The legend of Zhang Xian is related to the Emperor of the Late Shu dynasty, Meng Chang. It is stated in history that, Meng Chang and his beloved concubine, Lady Huarui were deeply in love and their happiness brought joy to the people of Shu. As a gift to Lady Huarui, Meng Chang drew a picture of himself as an archer and presented it to her.
However, their happiness did not last long. Eventually, in 965A.D. Ren Zong of the Song Dynasty attacked the Shu Dynasty. Meng Cheng had no choice but to surrendered to Ren Zong and was conferred the title of Lord Qin. However, one week later, Lord Qin passed away with no obvious cause. After Lord Qin passed away, Emperor Ren Zong keep Lady Huarui as his concubine.
In remembrance of Meng Chang, Lady Huarui hung her painting of Meng Chang as an archer and prayed before it everyday. As a result, Emperor Renzong was suspicious of the man Lady Huarui was praying to. Lady Huarui replied that the archer was Zhang Xian, a god who is worshipped by the people of Shu. She said that he would answer the prayers of those who asked for a son. Emperor Renzong was exhilarated that Lady Huarui was praying for a son and therefore asked her to continue praying to Zhang Xian.
Lady Huarui was horror-stricken at what she had done. Yet, the story that Zhang Xian would grant sons to those who prayed, began to spread around the palace. Soon the whole Imperial Family began to worship him.

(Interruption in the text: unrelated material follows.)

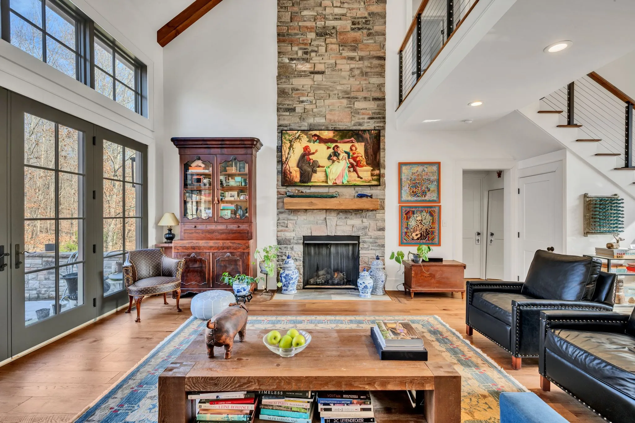 Inside, the home showcases immense craftsmanship and elevated finishes throughout. A soaring two-story great room anchored by a stunning stone fireplace sets the tone, flowing effortlessly into the open-concept living spaces designed for gathering and connection.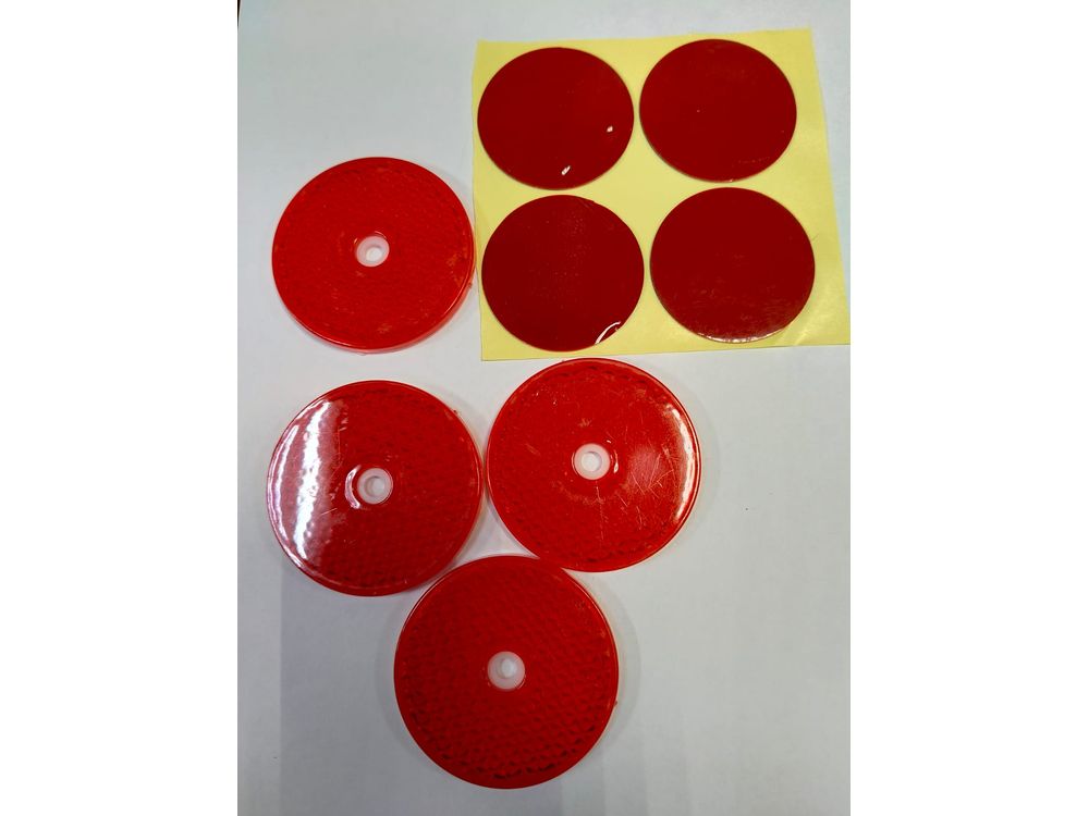 Катафот красный круглый 4шт (светоотражатель) на липучке-1853

Then one day, Emperor Renzong had a dream of a breaded man holding a bow and a stone pellet in his hands. The bearded man spoke to Emperor Renzong saying that he was Zhang Xian. The majesty was told by this strange man that he had no children because the Heavenly Dog was guarding the city gate. However, with his bow and pellets he would be able to scare the heavenly dog away. To the people of the Shu Dynasty, it was believed that the Heavenly Dog would one day hide the Sun and the Moon and that when darkness fell, he would come down and devour the children on Earth.
Thus, on waking up from the dream, Emperor Renzong ordered that the portrait of Zhang Xian be drawn and pasted all over the city. Thus, as the years passed, even the common folk began worship Zhang Xian.